Oliver Twist however, would not have been introduced to more in the form of a 2004 Rioja, with 36 month oak aging. A complex white wine, with apricot, peach and honey notes leads perfectly onto their Baked Chilean Seabass in Black Truffle Sauce. The crumbling Seabass was followed by what I believe to be a “cleansing” dish (or so I consoled myself, as I switched my food conscience off for course number 7).

It is my firm belief that any fast love affair is often stunted by a belated discovery that you didn’t see coming – it’s all going swimmingly until you’re winded by that big blow as you discover that he paints his toenails on weekends in, or that she plays the oboe to the tune of a sea-animal’s cries at 6 am before work, et cetera et cetera. So although the course of Wagyu Beef was not quite comparable to an oboe in the ear, I was slightly disappointed to find it’d had the very beef smoked out of it. I am not averse to a light smoking, grilling, or baking, but the mode by which your meat has been cooked, should never override the taste of that meat. In this case, I did feel as though if I puffed, smoke would emerge.

I was a little nervous then, when the Apple Jelly and Pepper Ice Cream, was next to be sampled, as I resisted uttering the words “but, with no, erm, pepper please.” As expected you can hardly taste it, and so would be excellent for one of those blind-folded tasting games, you could be certain you’d win, as the closest guess would be “I think I can taste liquorice?”

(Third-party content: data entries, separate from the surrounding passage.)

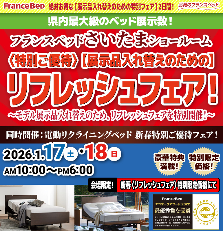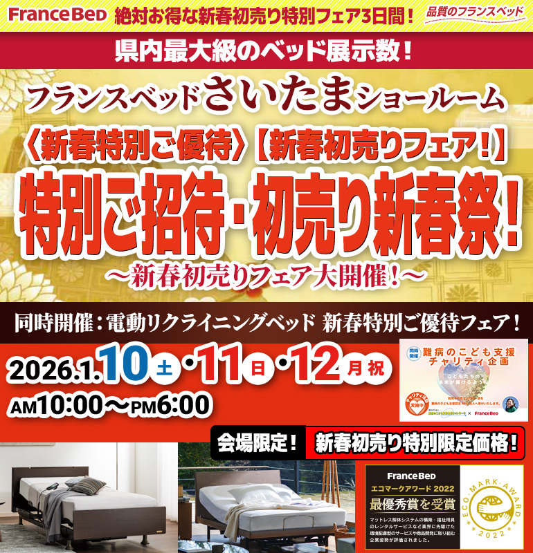- フランスベッドさいたまショールーム<新春特別ご優待> 【新春初売りフェア!】特別ご招待・初売り新春祭!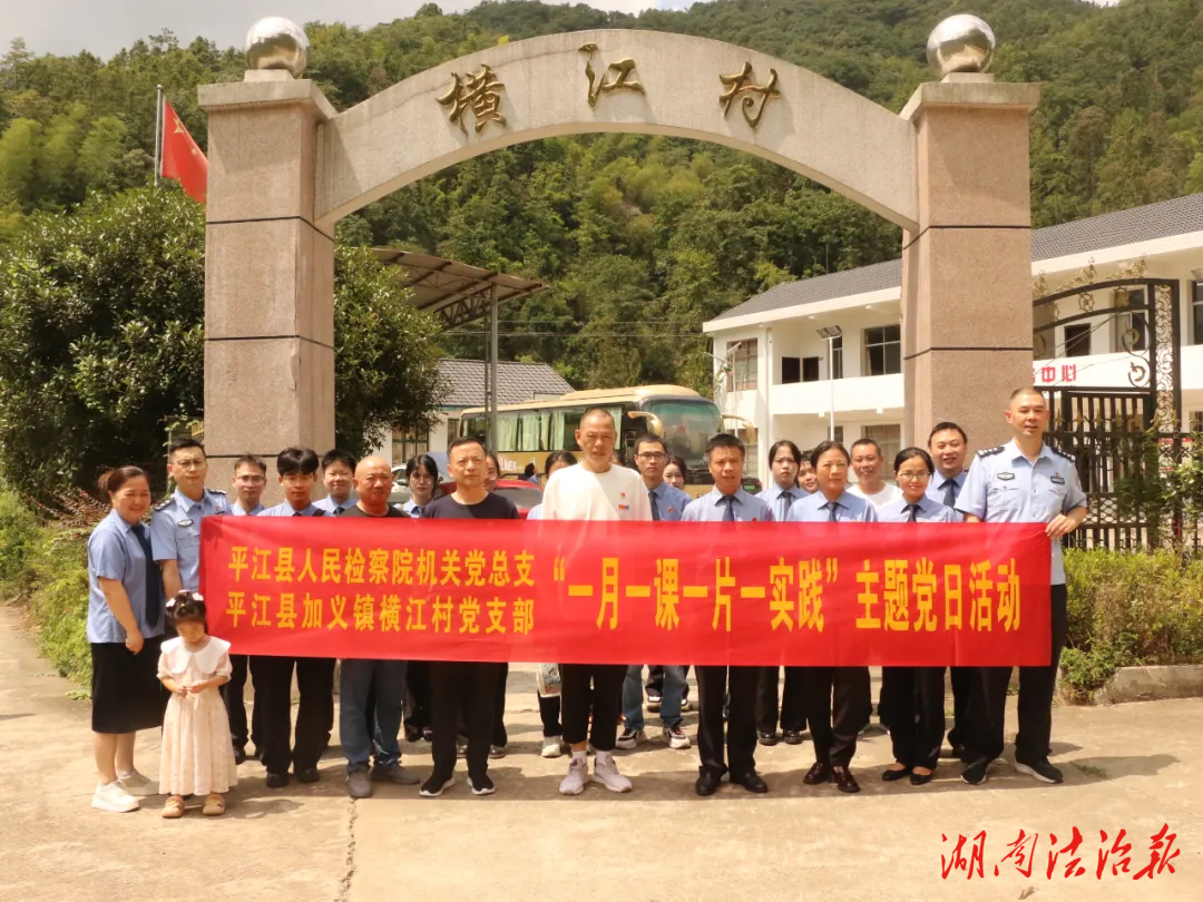 湖南法治报讯(通讯员 林钗丽)为深化党建联建共建机制,推动检察职能向基层延伸,通过“党建红”引领“检察蓝”,近日,平江县人民检察院组织党员干警赴加义镇横江村,与该村党支部联合开展主题党日活动。通过实地走访、普法宣讲、党课学习等形式,为乡村振兴注入法治动能,传递检察温度。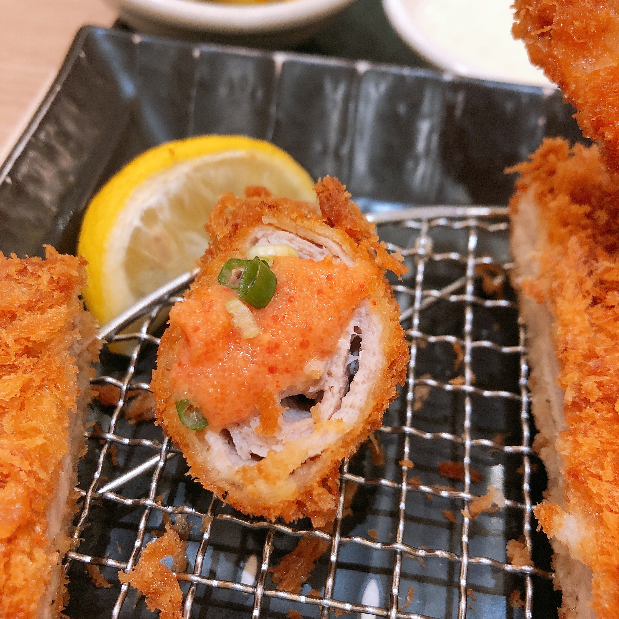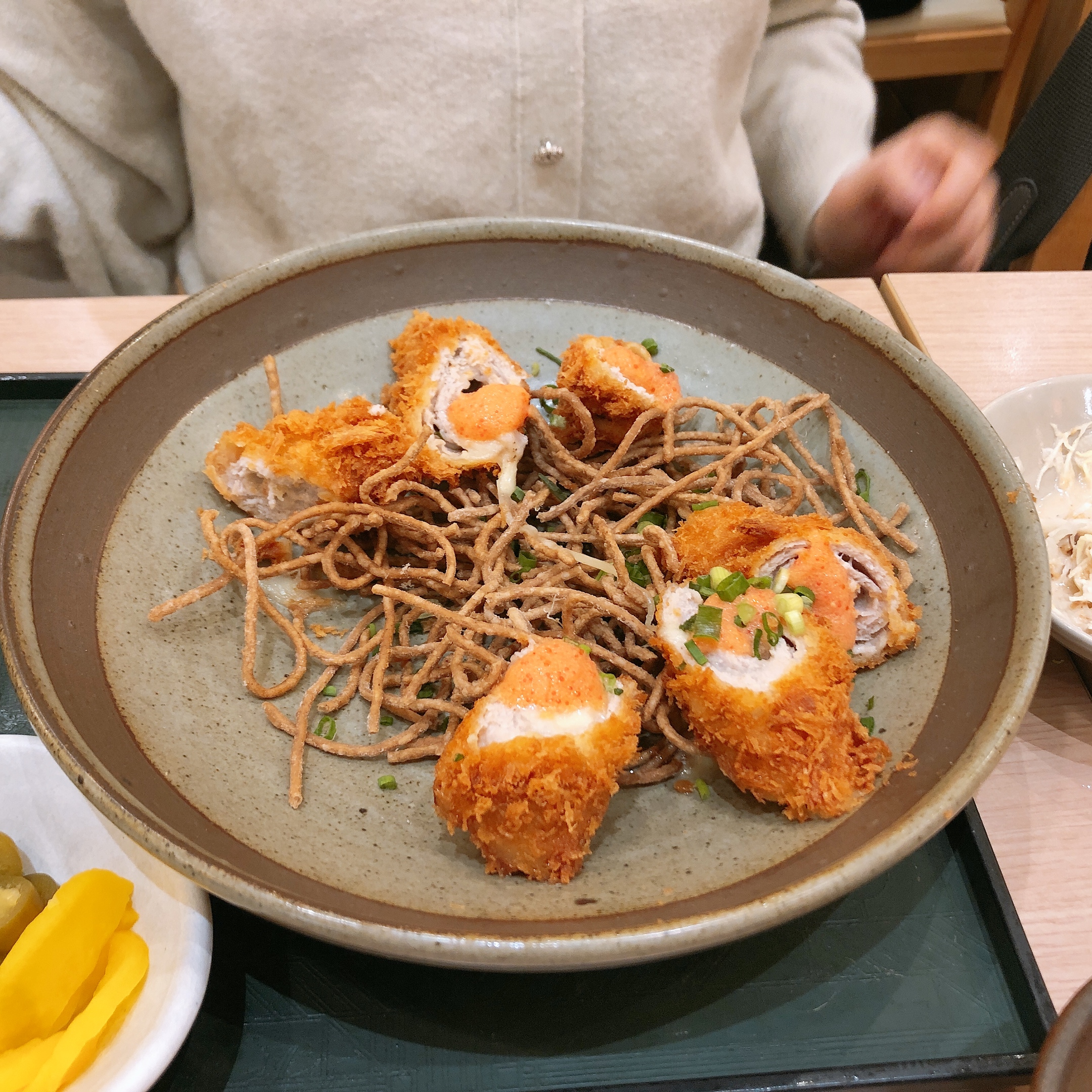 스페셜 카츠 정식 중 대표 메뉴인 '명란 치즈 카츠'이다. 먹다가 생각나서 급하게 사진을 찍어서 모양은 조금 흐트러졌다. 치즈 롤 카츠 위에 명란 소스가 올라가 있다. 카츠 밑에 깔린 것은 소바면을 튀긴 것이라고 한다. 소바면 튀긴 것은 데코도 되고 맛도 좋았다.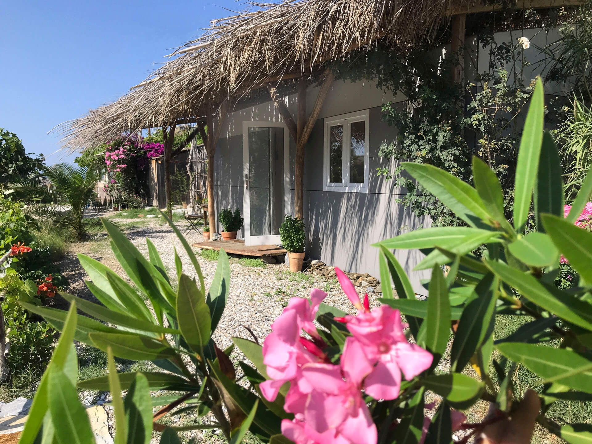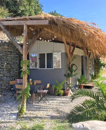 Das moderne, stilvoll ausgestattete Tinyhouse bietet einen umwerfenden Blick auf den Strand und das Tal von Fytema.

I have a confession, and that is that I didn’t make it to the Lychee Tapioca, but I feel this has been an entirely strategic move by my sub-conscience so that I may return to HKK. The tasting course is a work of art, which caters to the fussiest of eaters. There is something for everyone, and if you don’t fall in love with at least one course, then you are beyond hope; the highly opinionated  (yours truly), the vegetarian, the vegan (what more do you want?), and most of all, the carnivore (although I’m sure they don’t have favourites at HKK, I suspect this may be it).  With discreet, friendly and first-name-basis service all round, you will want to visit the square mile for this dining experience alone. It is a visit well worth every bank-breaking penny.